__PROBLEM__: Using the listing below, output only the lines from the one that contains "- Slim fit, mid" through the one that contains "据西湖角报社前方记者报道:4", inclusive, exactly as given and without images.

__PROVIDED RECORDS__:
- - - -
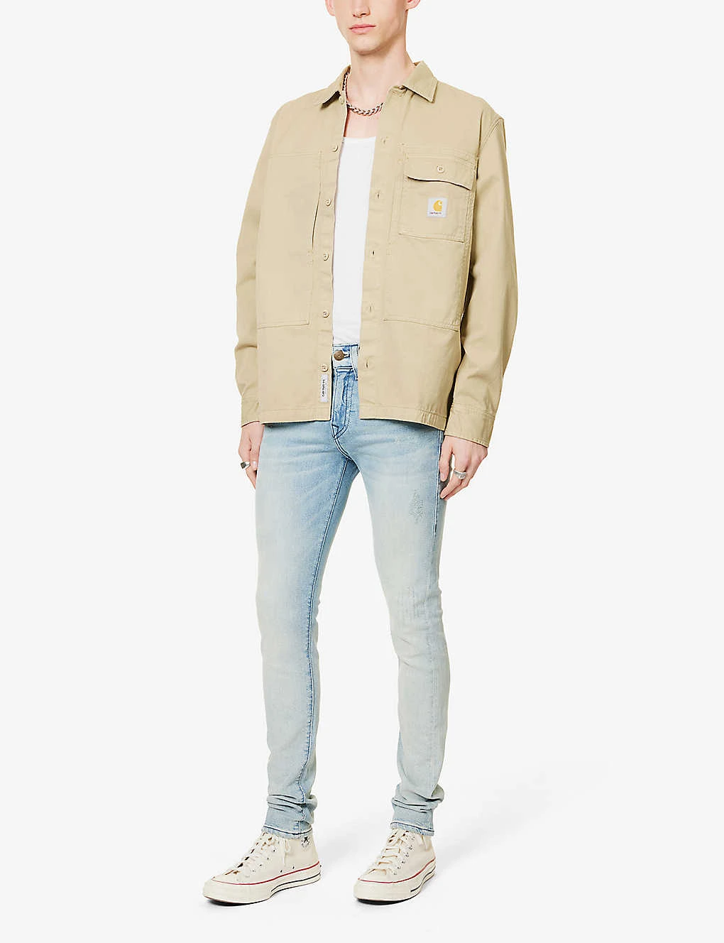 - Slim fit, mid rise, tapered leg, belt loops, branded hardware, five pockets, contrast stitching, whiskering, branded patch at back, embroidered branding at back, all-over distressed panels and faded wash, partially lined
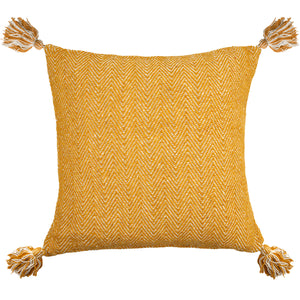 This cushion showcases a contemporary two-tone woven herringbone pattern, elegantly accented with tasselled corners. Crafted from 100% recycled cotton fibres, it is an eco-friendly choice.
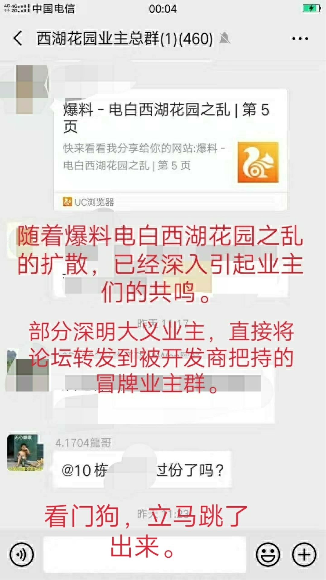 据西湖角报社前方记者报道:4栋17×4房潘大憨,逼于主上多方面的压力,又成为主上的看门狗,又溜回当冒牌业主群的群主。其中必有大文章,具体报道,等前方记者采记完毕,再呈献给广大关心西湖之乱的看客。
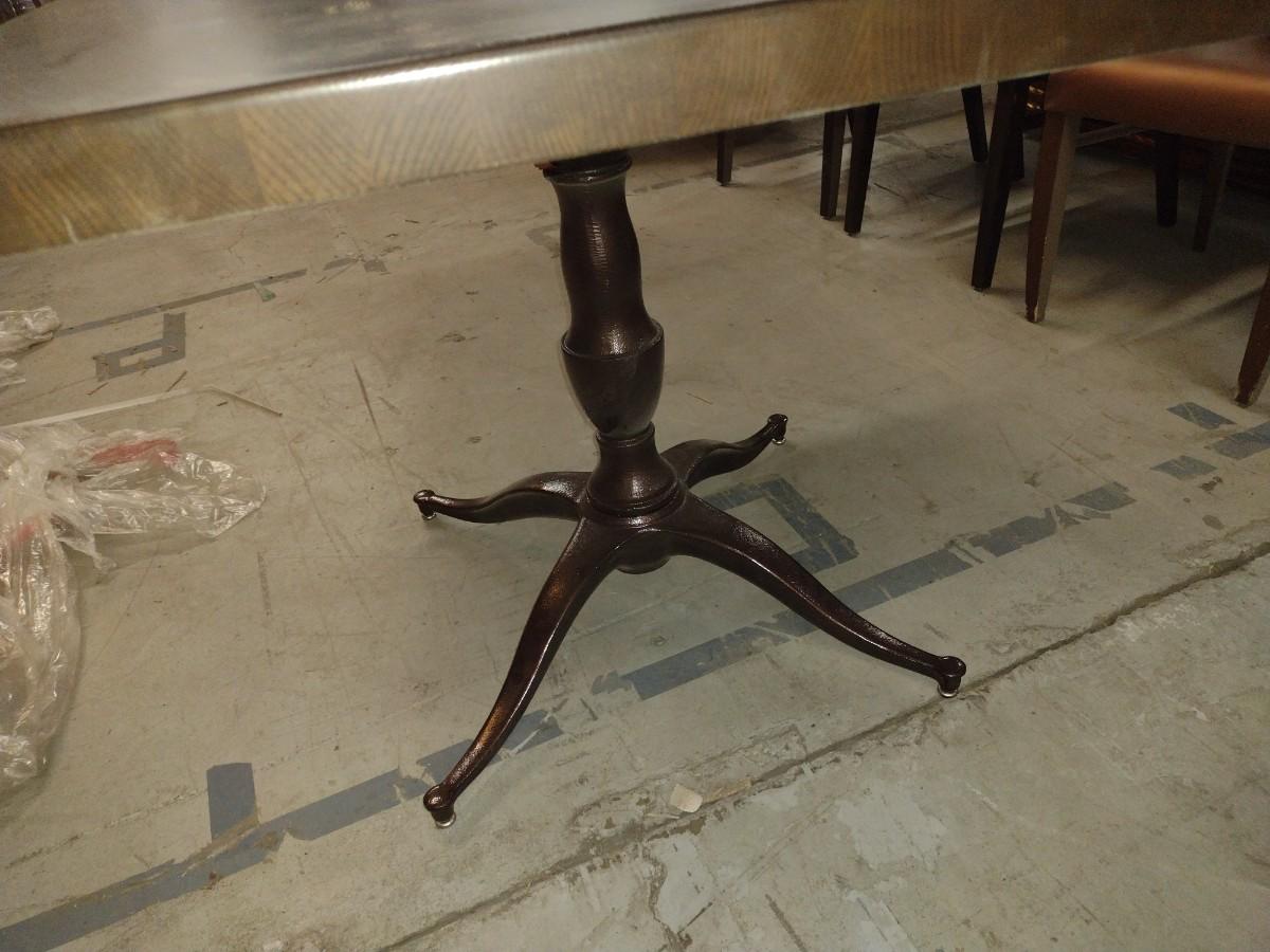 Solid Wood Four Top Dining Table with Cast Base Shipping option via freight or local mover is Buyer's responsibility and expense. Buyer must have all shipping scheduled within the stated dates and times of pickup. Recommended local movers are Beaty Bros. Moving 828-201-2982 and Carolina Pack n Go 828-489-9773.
- - - -
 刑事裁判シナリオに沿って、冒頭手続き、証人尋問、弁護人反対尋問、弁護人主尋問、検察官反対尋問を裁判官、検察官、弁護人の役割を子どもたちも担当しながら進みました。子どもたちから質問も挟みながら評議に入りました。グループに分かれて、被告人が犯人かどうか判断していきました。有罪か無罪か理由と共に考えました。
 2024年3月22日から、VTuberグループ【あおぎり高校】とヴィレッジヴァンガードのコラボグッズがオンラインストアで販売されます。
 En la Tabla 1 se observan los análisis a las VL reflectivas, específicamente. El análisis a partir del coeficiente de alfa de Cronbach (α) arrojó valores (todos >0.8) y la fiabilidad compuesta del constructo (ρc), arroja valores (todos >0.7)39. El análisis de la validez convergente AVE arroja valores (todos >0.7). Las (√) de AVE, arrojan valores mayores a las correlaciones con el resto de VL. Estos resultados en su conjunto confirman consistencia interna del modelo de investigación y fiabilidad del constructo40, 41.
- - - -
__EXERCISE ANSWER__:
 - Slim fit, mid rise, tapered leg, belt loops, branded hardware, five pockets, contrast stitching, whiskering, branded patch at back, embroidered branding at back, all-over distressed panels and faded wash, partially lined
 This cushion showcases a contemporary two-tone woven herringbone pattern, elegantly accented with tasselled corners. Crafted from 100% recycled cotton fibres, it is an eco-friendly choice.
 据西湖角报社前方记者报道:4栋17×4房潘大憨,逼于主上多方面的压力,又成为主上的看门狗,又溜回当冒牌业主群的群主。其中必有大文章,具体报道,等前方记者采记完毕,再呈献给广大关心西湖之乱的看客。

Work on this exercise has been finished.